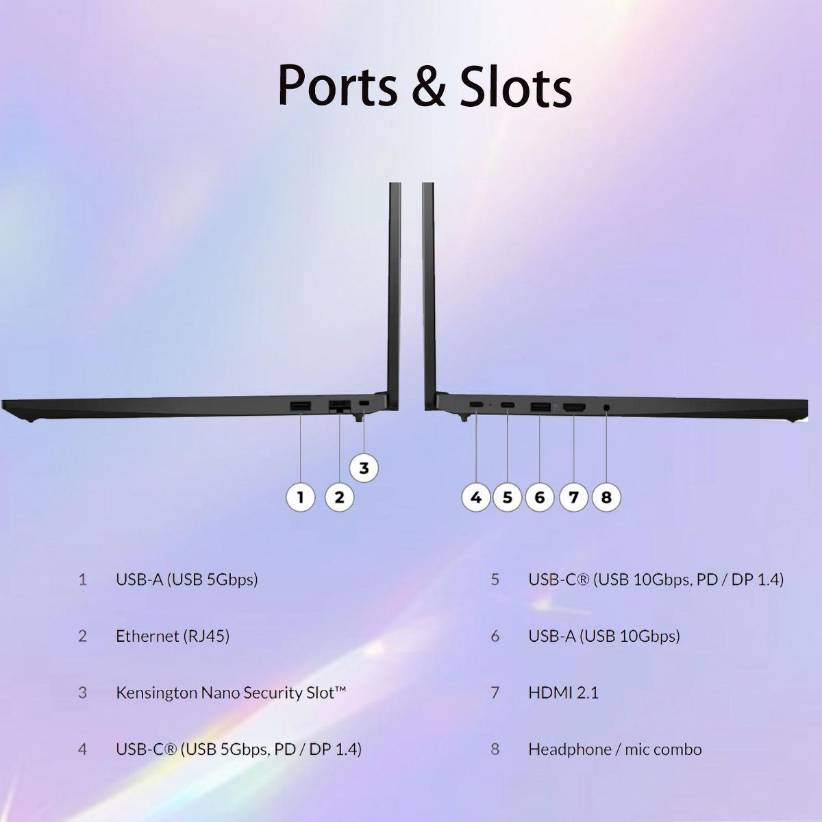 Lenovo ThinkPad E16 Gen 2 Business Laptop combines power, speed, and productivity in a sleek design. Powered by the AMD Ryzen 5 7535U processor (6 cores, 12 threads, up to 4.55GHz) and enhanced with business-class AI performance, it handles multitasking, content creation, and professional workloads effortlessly. With 32GB of high-bandwidth DDR5 RAM and a 1TB PCIe NVMe M.2 SSD, it delivers lightning-fast boot times, rapid file transfers, and smooth operation across multiple apps and browser tabs. The 16" WUXGA (1920x1200) IPS touchscreen provides sharp, vibrant visuals with anti-glare technology, 16:10 aspect ratio, 300 nits brightness, and TÜV Low Blue Light certification for comfortable extended viewing. Connectivity is versatile with two USB-A ports, two USB-C ports, HDMI, RJ-45 Ethernet, and a headphone/mic combo jack, while Wi-Fi 6E and Bluetooth ensure stable, high-speed wireless performance. Additional features include a backlit keyboard, fingerprint reader, and HD 720p webcam for secure and productive use. Running Windows 11 Pro, the ThinkPad E16 Gen 2 offers enterprise-grade security, intuitive multitasking, and advanced collaboration tools, making it an ideal business laptop for professionals seeking performance, flexibility, and reliability.
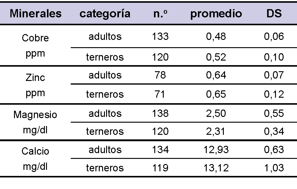 Los valores promedios de cobre, zinc, magnesio y calcio séricos diferenciados en bovinos adultos (mayormente vacas) y terneros están señalados en la tabla 4. Se muestran cifras dentro de los parámetros normales tanto para el magnesio y como para el calcio, mientras que señala valores límites o de deficiencia leve para el cobre y el zinc.
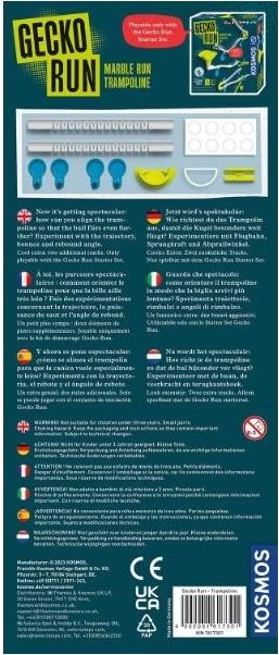 Die Kugeln lernen das Fliegen: Mit dem Trampolin erhält jede Gecko Run-Bahn eine aufregende Erweiterung. Wie weit kann die Kugel fliegen? Kann sie sogar zurück auf einen höheren Abschnitt katapultiert werden? Spannende Experimente rund um Sprungkraft und Flugbahnen warten. Zusätzliche Bahn-Elemente vergrößern die Reichweite: mit 2 zusätzlichen Bahnen und einer Brücke bietet Gecko Run noch mehr Möglichkeiten. Mit dem Trampolin sind die Kinder ab 8 Jahren genauso frei wie mit den Teilen des Starter Sets: Ob um die Ecke, über Hindernisse weg, an Türen, Glasscheiben, oder Regalen – freies Bauen! Die perfekte Erweiterung für Gecko Run von KOSMOS, für noch rasantere Bahnen mit Sprungkraft. Hinweis: nur mit dem Gecko Run „Starter Set“ spielbar. Mit dem Trampolin wird die Bahn um ein spektakuläres Element erweitert: Wie muss ich das Trampolin ausrichten, damit die Kugeln besonders weit oder hoch fliegen? Kann ich die Kugel sogar zurück auf einen höher liegenden Streckenabschnitt katapultieren? Spannende neue Fragen, die die Kinder ab 8 Jahren austüfteln können! Die Anleitung gibt den ersten Kick mit tollen Ideen für die Tricks. Das tolle Extra: Zusätzliche Bahn-Elemente aus vergrößern die Reichweite der KOSMOS Kugelbahn! Hinweis: nur mit dem Gecko Run „Starter Set“ spielbar.
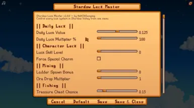 《星露谷物语》星露之幸运大师MOD。再也没有倒霉的日子了!在游戏内的配置菜单中,完全掌控每日幸运、矿石掉落、钓鱼宝藏和晶洞奖励。感兴趣的玩家快来diab暗黑下载吧!
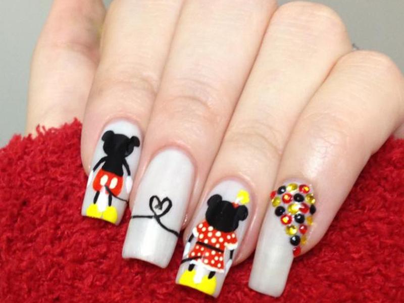 Этот простой дизайн не требует художественных навыков, так как вам просто нужно нанести декали на базовое покрытие. Этот дизайн начинается с двух слоев белого кремового базового цвета. Полное тело наклейки Микки Маус сделать его легко выполнить.
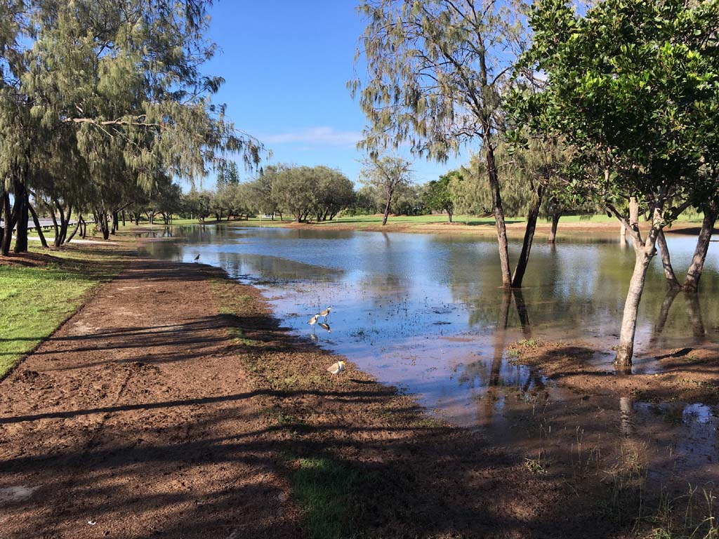Today, only the 2 areas on the Federation Walk (gravel path to the Spit) remained flooded but I still managed to ride through them, probabaly only an inch or two deep. No real drama. The shared path around Doug Jennings Park at the Spit was all dry. The big surprise last ride was the shared path opposite Australia Fair in Broadwater Parklands, this was also completely dry and cleaned by George and his mates. This George is a human and works on the Gold Coast City Council.
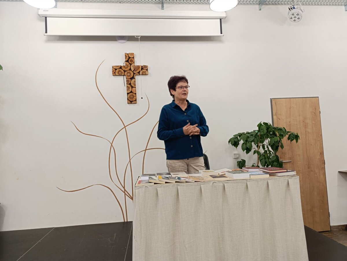 Kateřina Lachmanová nám představila část současné produkce křesťanských knih.
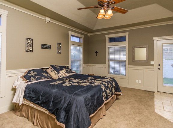 Perfect floor plan for entertaining! This spacious ranch style home offer an amazing great room effect with vaulted ceilings! The gourmet kitchen with Viking gas range is a chefs delight and expands into the huge breakfast bar and dining area perfect for entertaining your family and friends! Features include granite counter tops, stainless steel upgraded appliances, beautiful slate flooring! 5 bedrooms, 3 full bathrooms, additional office and a craft room too! Huge master suite with extra deep walk in closet, master bathroom boosts walk in shower, jetted tub, granite and tile. Daylight basement includes a perfect family room with surround sound for movies, incredible storage space. Tons of upgrades, warm color palate, transom windows throughout . Triple car garage with shelving, extra large vinyl fenced yard with covered patio and fire pit, mature custom landscaping finishes off this beautiful home.
========
* WORK INSTRUCTIONS *
What belongs in the answer is each line above from the line with "Today, only the" to the line with "Kateřina Lachmanová nám", inclusive, reproduced exactly and free of pictures.

* COMPLETED EXERCISE *
Today, only the 2 areas on the Federation Walk (gravel path to the Spit) remained flooded but I still managed to ride through them, probabaly only an inch or two deep. No real drama. The shared path around Doug Jennings Park at the Spit was all dry. The big surprise last ride was the shared path opposite Australia Fair in Broadwater Parklands, this was also completely dry and cleaned by George and his mates. This George is a human and works on the Gold Coast City Council.
 Kateřina Lachmanová nám představila část současné produkce křesťanských knih.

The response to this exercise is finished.